After auditing hundreds of people, certain patterns emerge consistently:
The Morning Maze Most people face 50-100 decisions before leaving home. The "simple" morning routine is actually a decision gauntlet: - When to wake up (snooze or not?) - What to wear (weather check, matching, accessories) - Breakfast choices (what, how much, when) - Information consumption (news, social media, email) - Departure logistics (what to bring, which route)
Sarah discovered she made 73 decisions before 8 AM. No wonder she arrived at work exhausted.

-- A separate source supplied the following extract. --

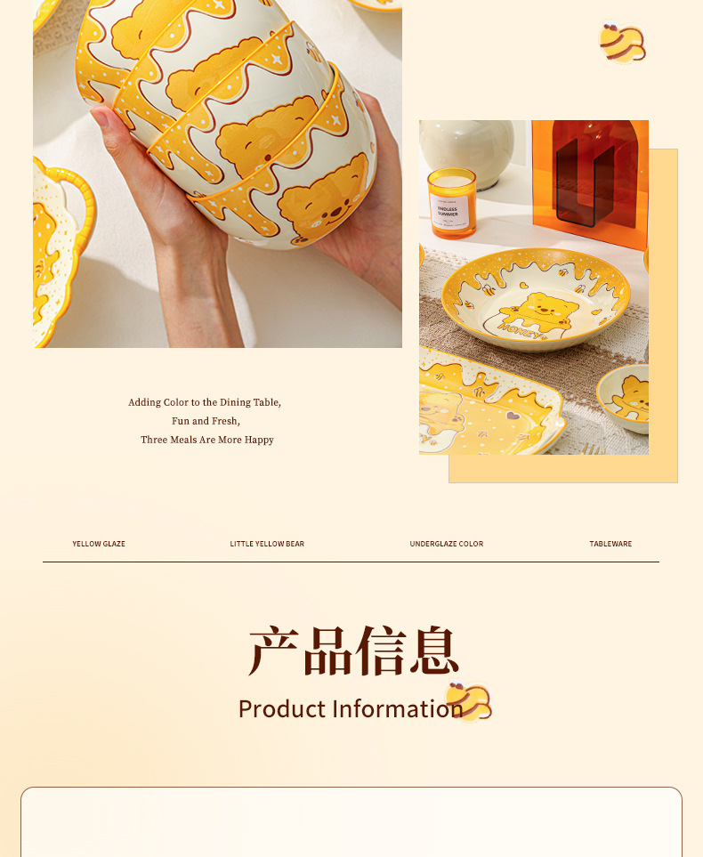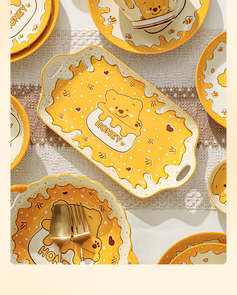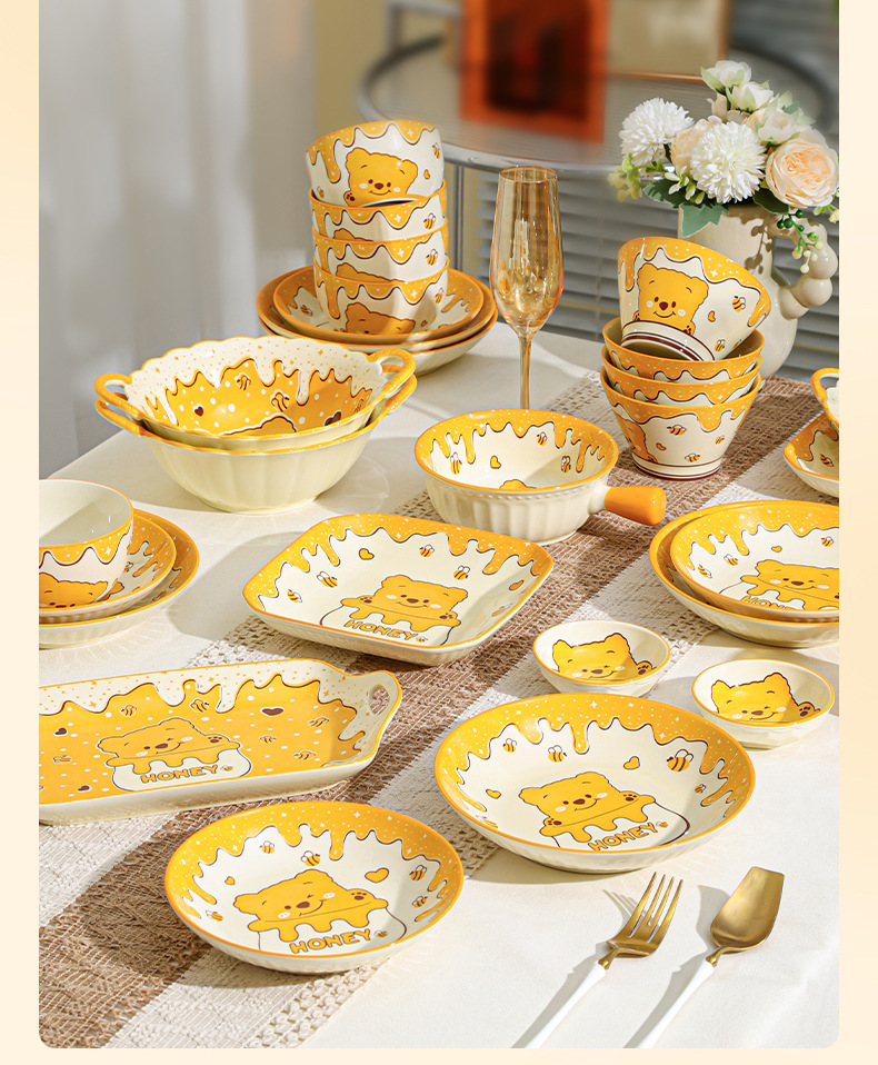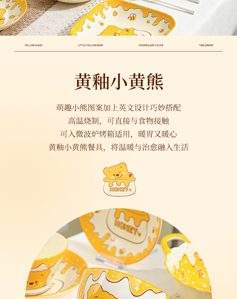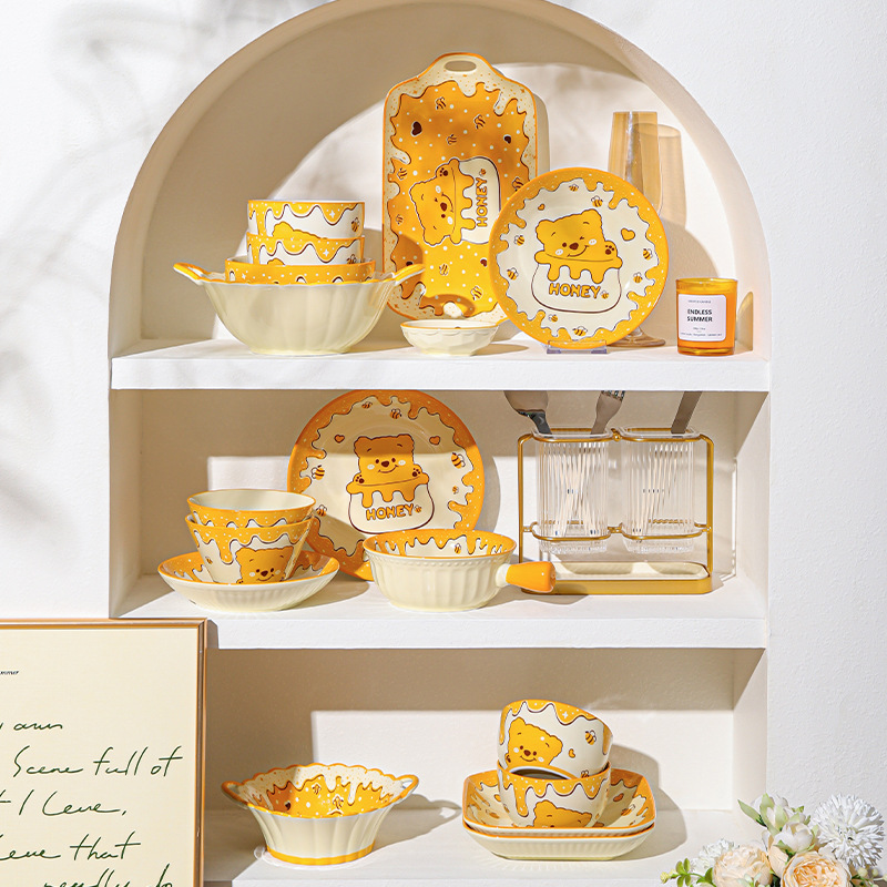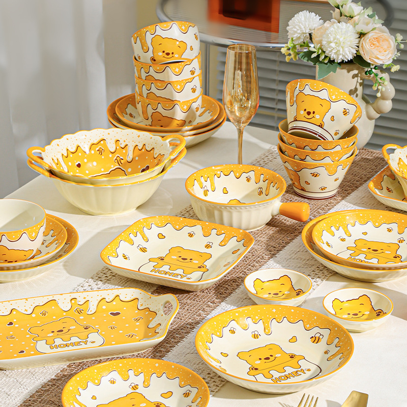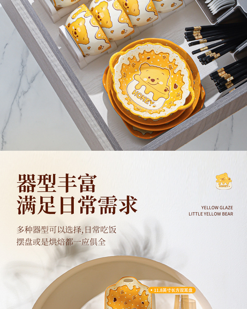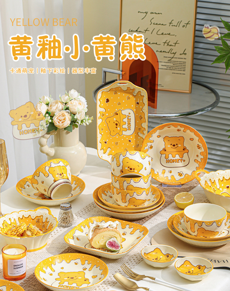 卡通可爱黄釉小黄熊陶瓷餐具盘子碗碟套装家用批发米饭碗菜盘鱼盘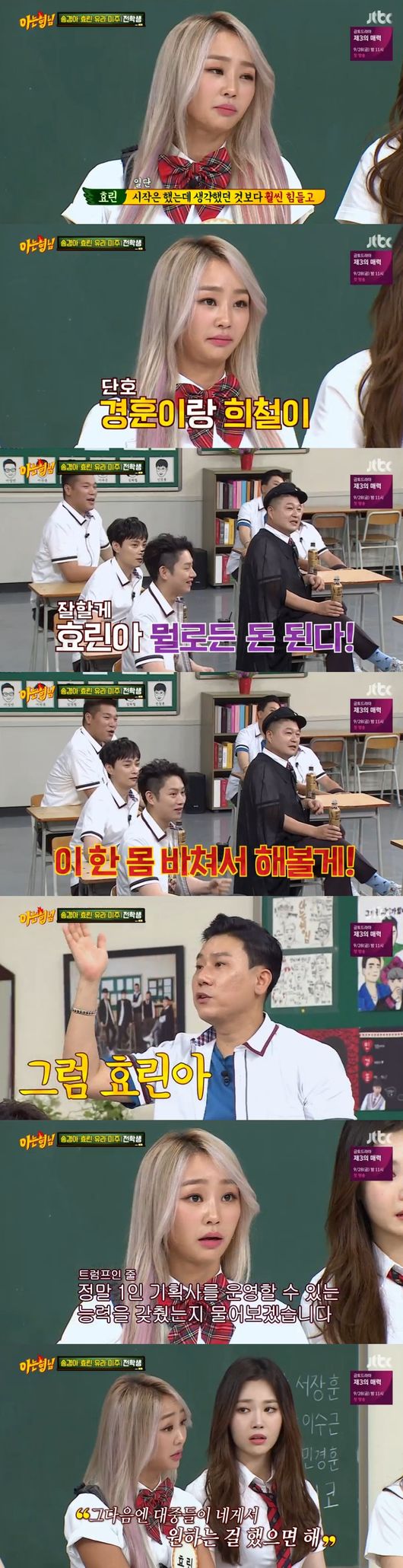1인 기획사를 차렸다는 효린은 "생각보다 훨씬 힘들다"면서 잘못하면 모두 피해볼까봐 무게감과 부담감이 크다고 했다. 이때, 누굴 데려가고 싶냐고 묻자, 효린은 "경훈이랑 희철이 데려가고 싶다"고 대답했다.

The Digital Quicksand Your phone generates more decisions than any other single source. Marcus tracked his digital decisions for one hour: - 47 notification responses - 23 app switches - 31 content choices (what to read/watch) - 19 interaction decisions (like, share, respond) - 14 setting/preference choices
That's 134 decisions in 60 minutes, just from one device.
The Workplace Avalanche Knowledge workers face constant micro-decisions: - Email triage (read now, later, delete, forward) - Meeting participation (speak up, stay quiet, what to say) - Task switching (what next, how long, which tool) - Communication choices (email, chat, call, walk over) - Focus protection (allow interruption or not)
Lisa, a marketing manager, made over 300 work-related decisions before lunch. Her actual "work" happened in the gaps between choosing.
The Evening Collapse By evening, decision quality craters. Your audit will likely show: - More time spent on trivial choices - Higher difficulty ratings for simple decisions - More unhappy outcomes - Increased decision avoidance
This isn't weakness—it's depletion. Your brain is running on fumes.